Someone else? Or Uncle Sam's? Even today I was placed on the hot seat when I entered an
argument with someone passionately fighting for the Decency Act (the act that government
will have the right to abolish what they feel is indecent on the web). First we disputed
what the true definition of indecency and decency was, and how the government and CDA
officials may hold a different meaning to what is decent and what is not. Surely, the
ideas of what is decent have its comparable differences to a 16-year-old teenager. "The
Internet may have some good aspects, but as a whole it is terrible. It is the number one
method that child molesters find their victims, and one of the number one causes in the
kidnapping of children exposed on the web." I shot back with, "How do you know that this
is true, do you have facts? Do you surf the 'Net daily looking for child molesting
sites, and if so, how decent is that? Do have any proof, if so where? If you got it off
the 'Net, how decent is it, and if you said the majority of the Internet is bad, how do I
know your data is reliable?" From her, all I got was silence. The next thing you know
I'm talking to an empty phone, as the phone hits the receiver with disgust and anger. It
will become an interesting battle, and an issue that will be long talked about in the
future.
Ironically those fighting for the Decency Act, have failed to see the obvious. With all
the fighting circulated on pictures (such as pornography), 'Net frauds, and sites which
aim to scam we have neglected to change language and its diversity found online. We have
heard the expression "An image can be a thousand words," but can that apply to those
placed on the Internet, especially those unacceptable. Why are we only fighting the
images, should we not also fight for our language, too? If we want to stop the spread of
variance, and stop the acronyms and smileys, shouldn't we fight for a language decency
act first? Why have we become so blind? The injustices do not just lie in the images,
but in the text as well. In order to stop change, the Internet must be reviewed as a
whole, not just by pieces. Not implying that English professors should swamp Congress in
order to change the written laws of the Internet. If we want to stop the torment
that language receives by technology, we should first make the text decent enough to
understand. Then we could make decent sense in communicating to each other what is
appropriate in online images.

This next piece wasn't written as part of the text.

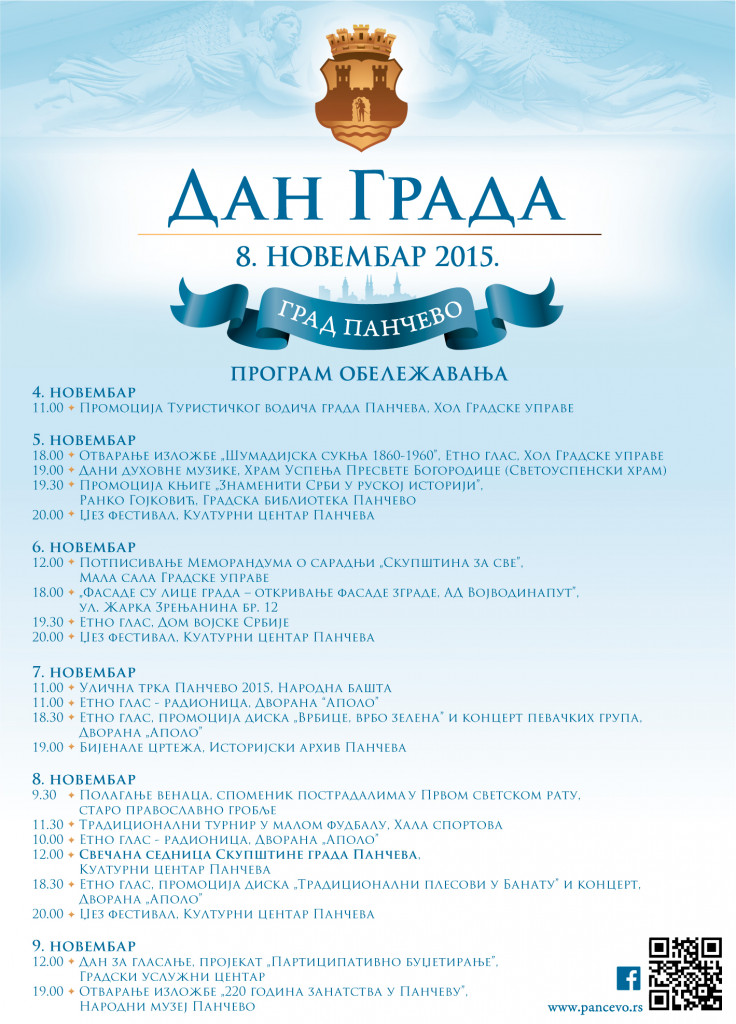 Дан града Панчева – 8. новембар Честитамо Дан града Панчева, 8. новембар! Позивамо све грађанке и грађане да заједно обележимо овај дан. Погледајте и испратите програм од 4. до 9. новембра 2015. године. Програм Дан града 2015. Leonida Radanov2018-01-28T21:25:32+01:0030/10/2015| Одаберите платформу и поделите! FacebookXRedditLinkedInEmail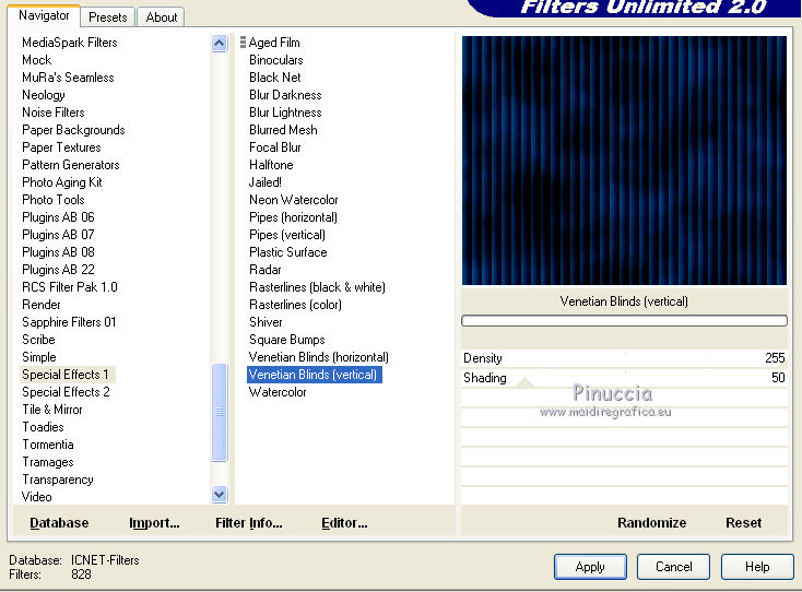 3. Effetti>Plugins>Filters Unlimited 2.0 - Special Effects 1 - Venetian Blinds (vertical).

Only then will language progress with technology. As a
joint effort, not a cat and mouse game.
Technology will always continue to push communication to the edge. For some, the edge is
where they have to be. We find ourselves bending to the rules of communication in order
to stay in constant check with friends, loved ones, and to check current news. For us to
keep ahead of time itself, we have to play by the rules of technology, despite age,
location, or ethnic background. But how can we eliminate the problems of technology in
communication? The only answer is to wait, and let the patience of time go to work.
Eventually we may lose this dialect as years go by, as younger generations continue to
introduce new terms.
If history repeats itself, variations in our languages may create new dialects that will
replace our current ones, for the better, or worse.